I’ve taught thousands of students about data and if there’s one concept I hope they’ve retained, it’s that summary statistics such as averages and medians compress information. Summary statistics take a set of numbers and try to represent them all with a single number.
The question is, as an analyst, are you comfortable with that compression? Do you feel like the statistic accurately represents the underlying data?
Let’s look at two sets of numbers, Scenario 1 and Scenario 2 showing how often users are using a feature per day:
Both scenarios have an average of 3.
So should we say that on average in both scenarios users on average are using the feature 3 times per day?

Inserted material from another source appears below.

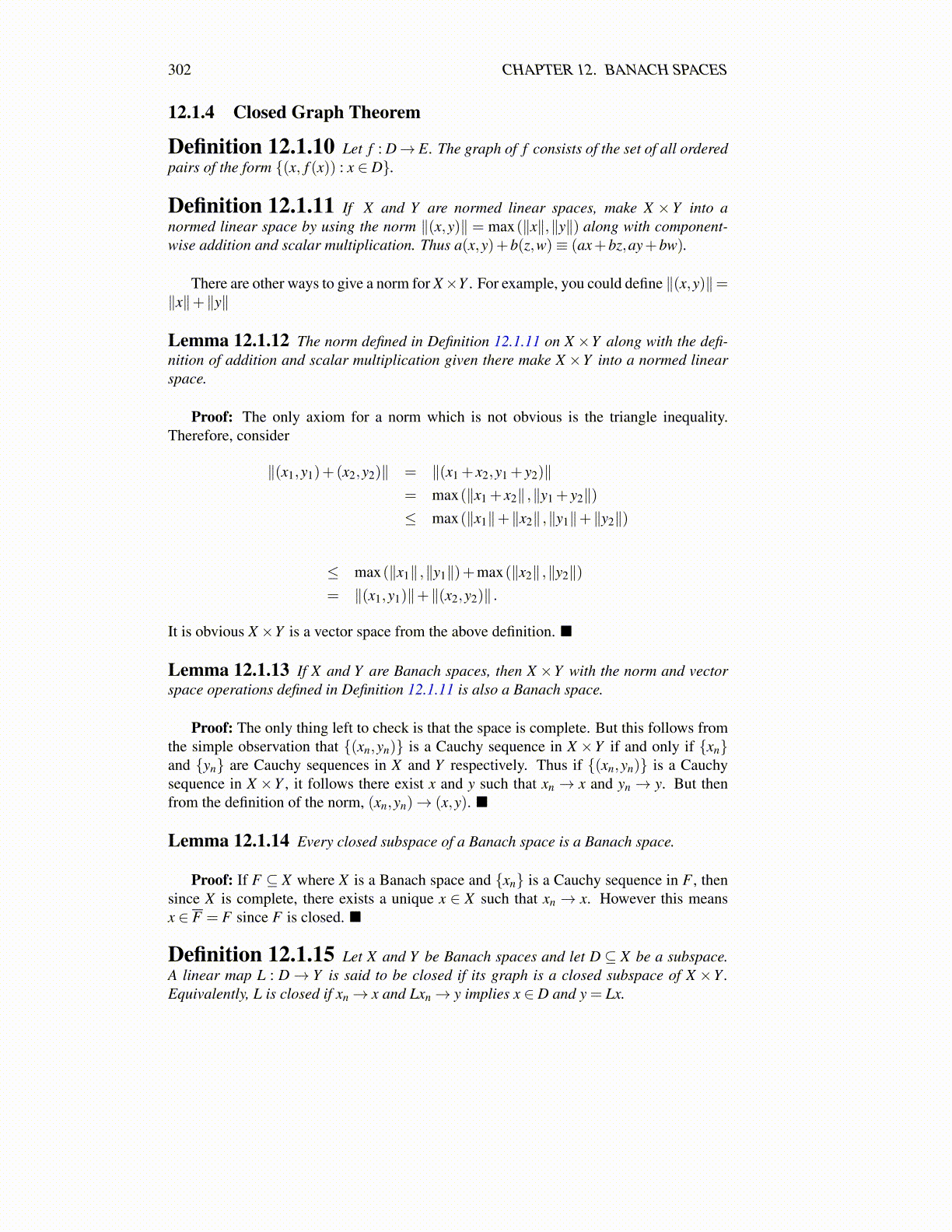 Definition 12.1.15 Let X and Y be Banach spaces and let D ⊆ X be a subspace.A linear map L : D→ Y is said to be closed if its graph is a closed subspace of X ×Y .Equivalently, L is closed if xn→ x and Lxn→ y implies x ∈ D and y = Lx.

For the first scenario, 3 feels like a fair compression of the data because the data is fairly normally distributed. As an analyst though it’s still good to know what the maximum and minimum values are if you get asked more in-depth questions about the users’ behavior.
For the second Scenario, “3” feels completely inaccurate compression because the distribution of the data is highly skewed and you may consider 11 to be an outlier that should be excluded. If we excluded 11, 1 would be a very appropriate summary stat for scenario 2 since all underlying numbers were 1. If we don’t exclude 11 we would need to provide more context whenever presenting 3 as the summary stat because we really have one user (user 5) using the feature a lot and the rest not using it regularly.
With small data sets such as this example, we can look at the data itself to judge the fairness of a summary statistic but when the amount of data you are trying to compress gets big it is best to look at distributions to determine whether a stat fairly represents the data.
Every time you report a statistic, please look at the underlying data or the distribution to judge whether your compression of the data makes sense or not.